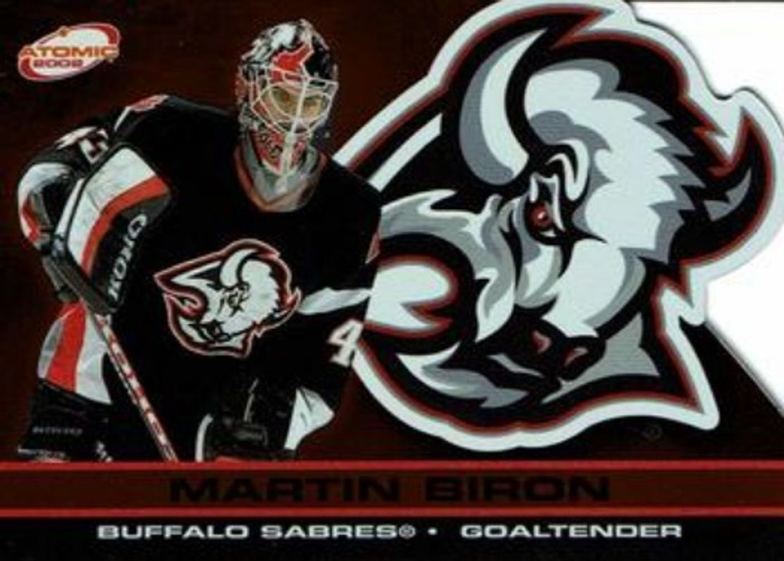 The Martin Biron 2001 Pacific Atomic #10 Red /290 card is 1 of 5 Martin Biron's card variations in the 2001 Pacific Atomic set being tracked by Sports Card Investor, including Base /500, Gold /200, Premiere Date /90, and Blue /9.
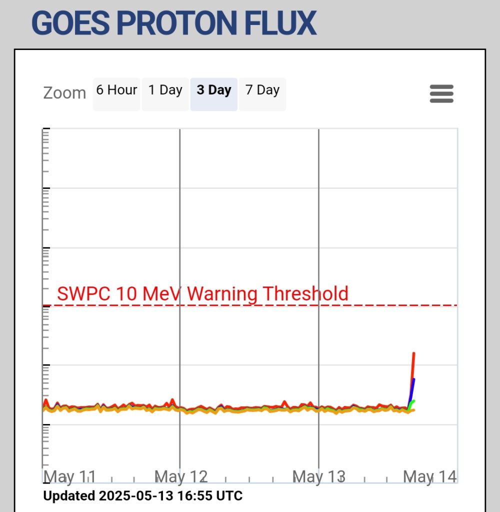 Plotseling om 17:30 uur een zeer hoge zonnevlam. Het is nog niet helder welke zonnevlek hiervoor verantwoordelijk is. Er zijn zeer kleine en weinig zonnevlekken. Het is ongelofelijk rustig op de Zon, dus daarom is dit echt bijzonder. De zonnevlam was aarde gericht, want er ontwikkelde gelijk een protonenstorm vanaf 18:30 uur.
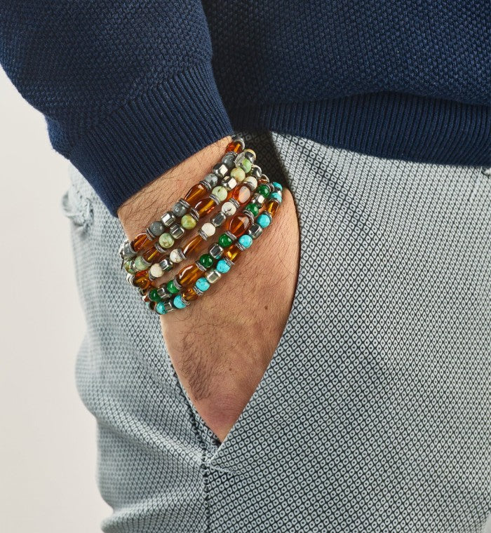 Bracciale elastico da uomo in diaspro, ambra e dadini di argento 925.
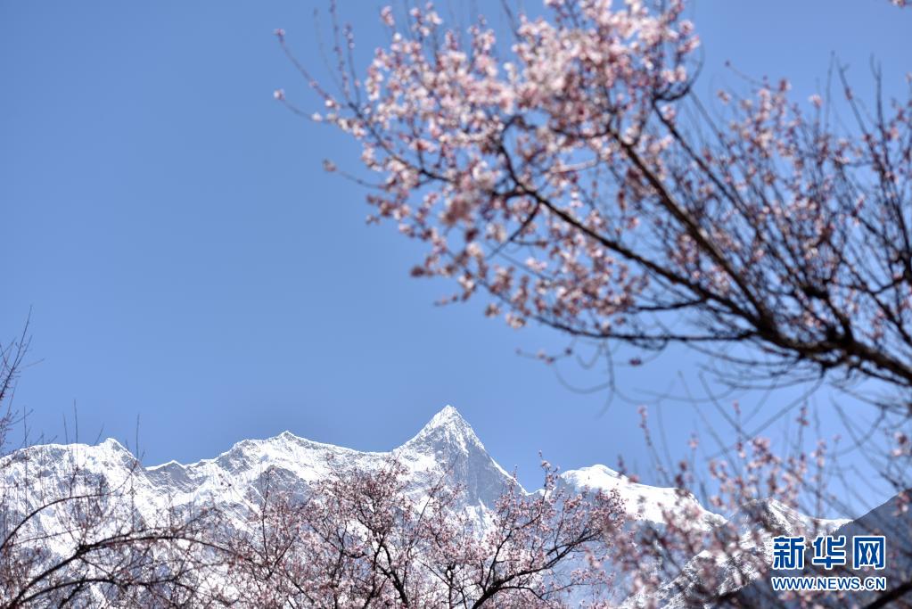 這是3月28日拍攝的桃花掩映下的南迦巴瓦峰。新華社記者 孫瑞博 攝
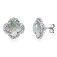 SOFIA strieborné náušnice štvorlístky s perleťou a zirkónmi
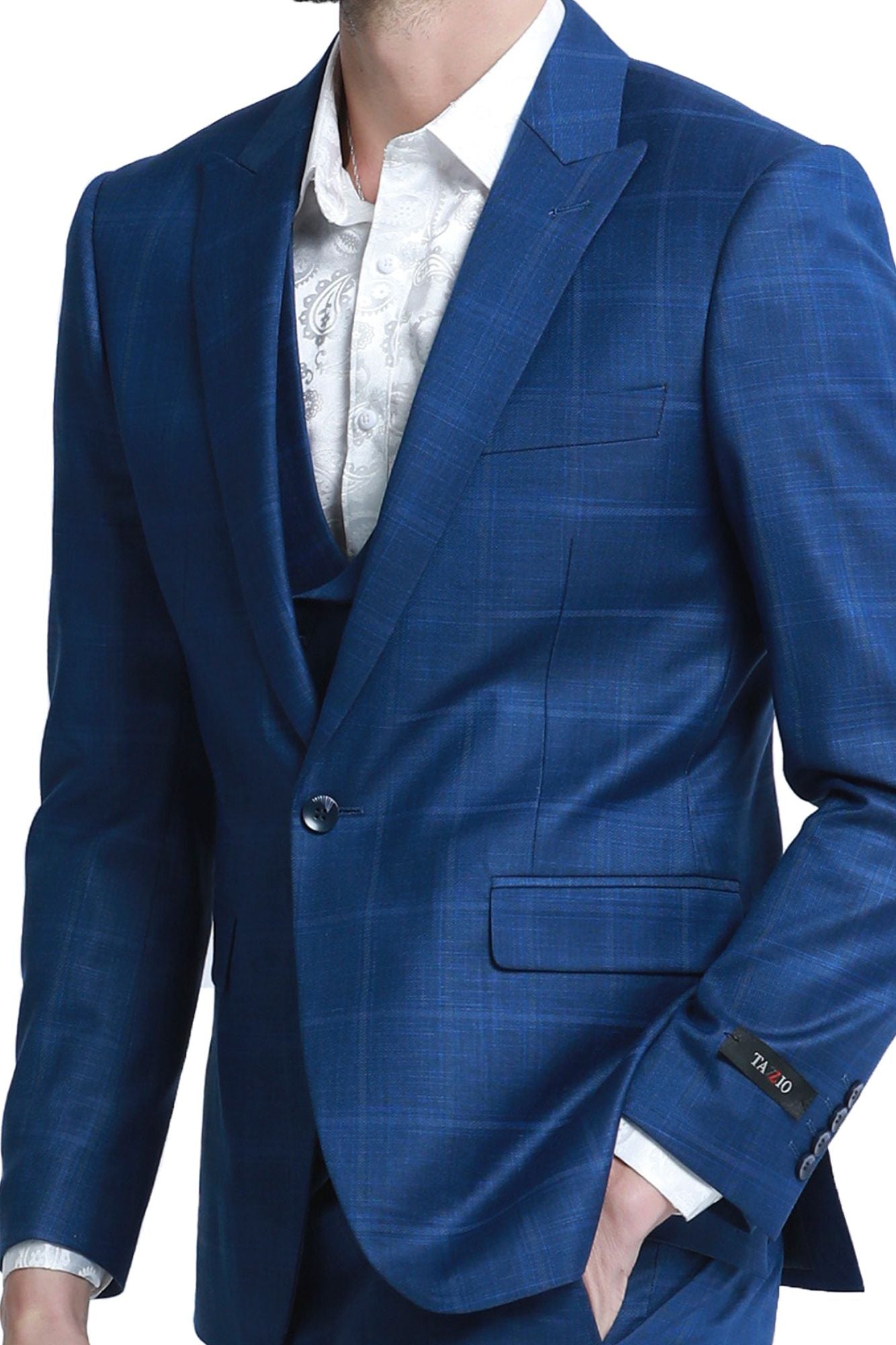 Elegancia Collection: Blue 3 Piece Windowpane Single Breasted Modern Fit Suit
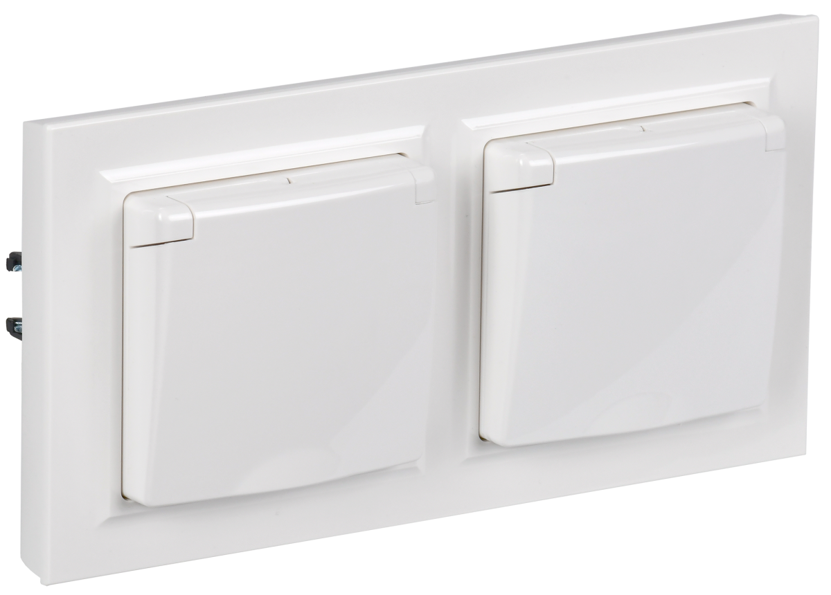 Брайт Розетка СУ1 ПГ с з/к 2шт в сборе с дв.рамкой16А IP44 РСбш10-3-44-БрБ белый. BRITE IEK - заказ
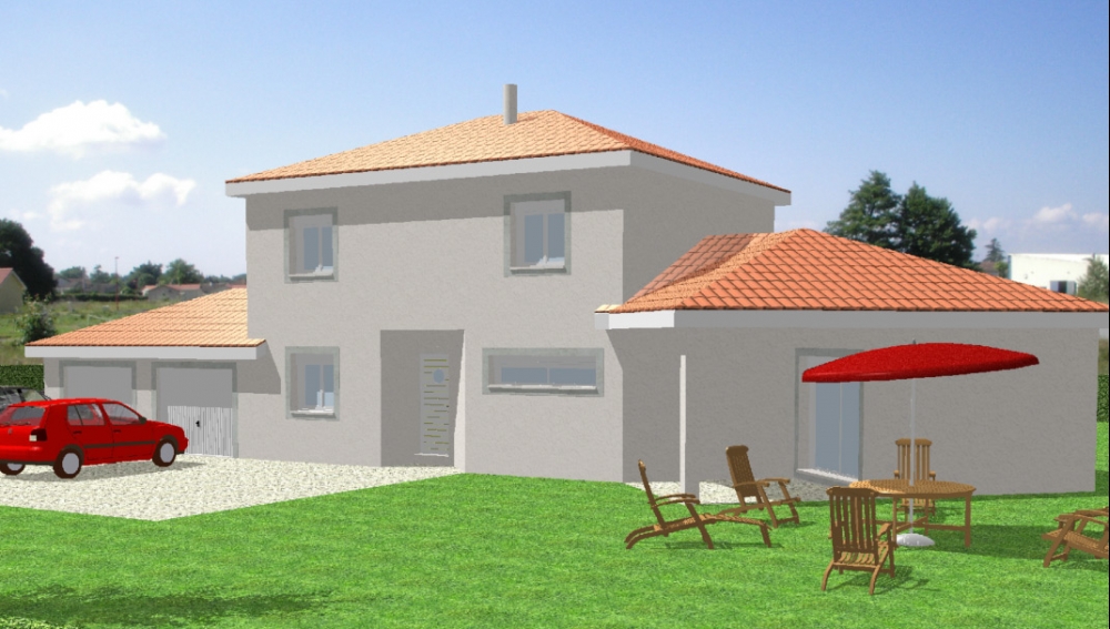 Maison avec étage comportant 3 chambres et un bureau, un dressing, 2 WC, une buanderie, une cuisine ouverte sur un très grand séjour, un hall d'entrée, un porche, une terrasse et un grand garage.
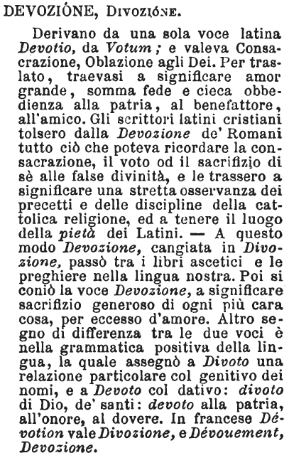 | Devozione, Divozione - Derivano da una sola voce latina Devotio, da Votum; e valeva Consacrazione, Oblazione agli Dei. Per traslato, traevasi a significare amor grande, somma fede e cieca obbedienza alla patria, al benefattore, all'amico. Gli scrittori latini cristiani tolsero dalla Devozione de' Romani tutto ciò che poteva ricordare la consacrazione, il voto od il sacrifizio di sè alle false divinità, e le trassero a significare una stretta osservanza dei precetti e delle discipline della cattolica religione, ed a tenere il luogo della pietà dei Latini.- A questo modo Devozione, cangiata in Divozione, passò tra i libri ascetici e le preghiere nella lingua nostra. Poi si coniò la voce Devozione, a significare sacrifizio generoso di ogni più cara cosa, per eccesso d'amore. Altro segno di differenza tra le due voci è nella grammatica positiva della lingua, la quale assegnò a Divoto una relazione particolare col genitivo dei nomi, e a Devoto col dativo: divoto di Dio, de' santi: devoto alla patria, all'onore, al dovere. In francese Dévotion vale Divozione, e Dévouement, Devozione. [immagine] |
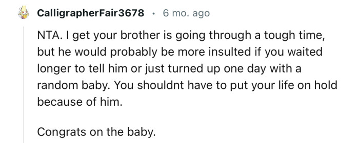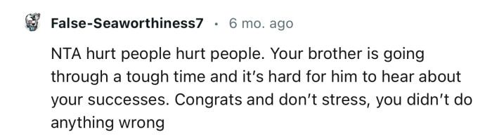 The Reddit community has rallied behind OP to give her the much-needed support. The commenters feel that she doesn’t need to pause her life or keep her successes a secret because of what her brother is going through.
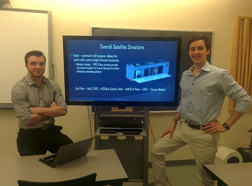 There are many criteria to consider when designing the mechanical structure of a satellite, for example tensile or compression strength, weight, thermal and electrical conductivity, and cost. Chris (pictured left), an automotive and vehicle engineering student, and Ryan (pictured right), a mechanical engineering student, had the challenge of designing the overall structure of the CubeSat with these considerations in mind. Chris and Ryan presented their comprehensive design, down to every nut and bolt, to the NEUDOSE team this past week. Great job guys!
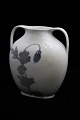 Royal Copenhagen Art Nouveau vase with handle and decorated flower branch. H:17cm. W:15cm. Decoration number: 253/227. 2.sort.
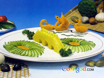 1.用牛腿瓜雕出一座小桥摆在盘中。
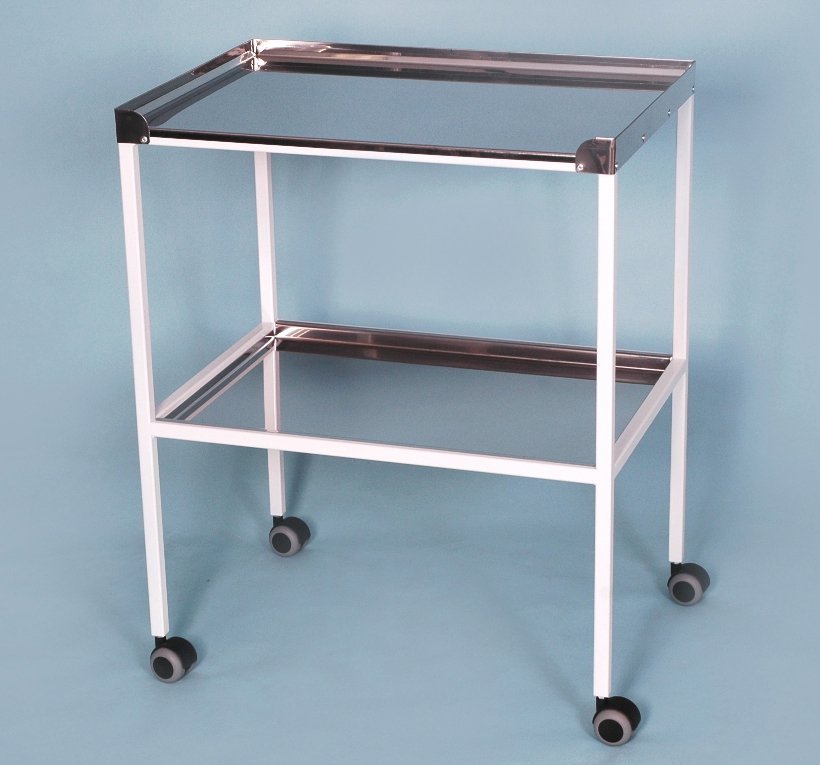 Nástrojový pojízdný stolek typ 47620a. Nástrojový stolek s nerez deskou se skládá z kovové konstrukce, která je povrchově upravená práškovou technologií. Horní a spodní odkládací deska nerez.

_ _ _ _ _

Exercise:
Write out the entries above word for word. Do not include the pictures.

Result:
 The Martin Biron 2001 Pacific Atomic #10 Red /290 card is 1 of 5 Martin Biron's card variations in the 2001 Pacific Atomic set being tracked by Sports Card Investor, including Base /500, Gold /200, Premiere Date /90, and Blue /9.
 Plotseling om 17:30 uur een zeer hoge zonnevlam. Het is nog niet helder welke zonnevlek hiervoor verantwoordelijk is. Er zijn zeer kleine en weinig zonnevlekken. Het is ongelofelijk rustig op de Zon, dus daarom is dit echt bijzonder. De zonnevlam was aarde gericht, want er ontwikkelde gelijk een protonenstorm vanaf 18:30 uur.
 Bracciale elastico da uomo in diaspro, ambra e dadini di argento 925.
 這是3月28日拍攝的桃花掩映下的南迦巴瓦峰。新華社記者 孫瑞博 攝
 SOFIA strieborné náušnice štvorlístky s perleťou a zirkónmi
 Elegancia Collection: Blue 3 Piece Windowpane Single Breasted Modern Fit Suit
 Брайт Розетка СУ1 ПГ с з/к 2шт в сборе с дв.рамкой16А IP44 РСбш10-3-44-БрБ белый. BRITE IEK - заказ
 Maison avec étage comportant 3 chambres et un bureau, un dressing, 2 WC, une buanderie, une cuisine ouverte sur un très grand séjour, un hall d'entrée, un porche, une terrasse et un grand garage.
 | Devozione, Divozione - Derivano da una sola voce latina Devotio, da Votum; e valeva Consacrazione, Oblazione agli Dei. Per traslato, traevasi a significare amor grande, somma fede e cieca obbedienza alla patria, al benefattore, all'amico. Gli scrittori latini cristiani tolsero dalla Devozione de' Romani tutto ciò che poteva ricordare la consacrazione, il voto od il sacrifizio di sè alle false divinità, e le trassero a significare una stretta osservanza dei precetti e delle discipline della cattolica religione, ed a tenere il luogo della pietà dei Latini.- A questo modo Devozione, cangiata in Divozione, passò tra i libri ascetici e le preghiere nella lingua nostra. Poi si coniò la voce Devozione, a significare sacrifizio generoso di ogni più cara cosa, per eccesso d'amore. Altro segno di differenza tra le due voci è nella grammatica positiva della lingua, la quale assegnò a Divoto una relazione particolare col genitivo dei nomi, e a Devoto col dativo: divoto di Dio, de' santi: devoto alla patria, all'onore, al dovere. In francese Dévotion vale Divozione, e Dévouement, Devozione. [immagine] |
 The Reddit community has rallied behind OP to give her the much-needed support. The commenters feel that she doesn’t need to pause her life or keep her successes a secret because of what her brother is going through.
 There are many criteria to consider when designing the mechanical structure of a satellite, for example tensile or compression strength, weight, thermal and electrical conductivity, and cost. Chris (pictured left), an automotive and vehicle engineering student, and Ryan (pictured right), a mechanical engineering student, had the challenge of designing the overall structure of the CubeSat with these considerations in mind. Chris and Ryan presented their comprehensive design, down to every nut and bolt, to the NEUDOSE team this past week. Great job guys!
 Royal Copenhagen Art Nouveau vase with handle and decorated flower branch. H:17cm. W:15cm. Decoration number: 253/227. 2.sort.
 1.用牛腿瓜雕出一座小桥摆在盘中。
 Nástrojový pojízdný stolek typ 47620a. Nástrojový stolek s nerez deskou se skládá z kovové konstrukce, která je povrchově upravená práškovou technologií. Horní a spodní odkládací deska nerez.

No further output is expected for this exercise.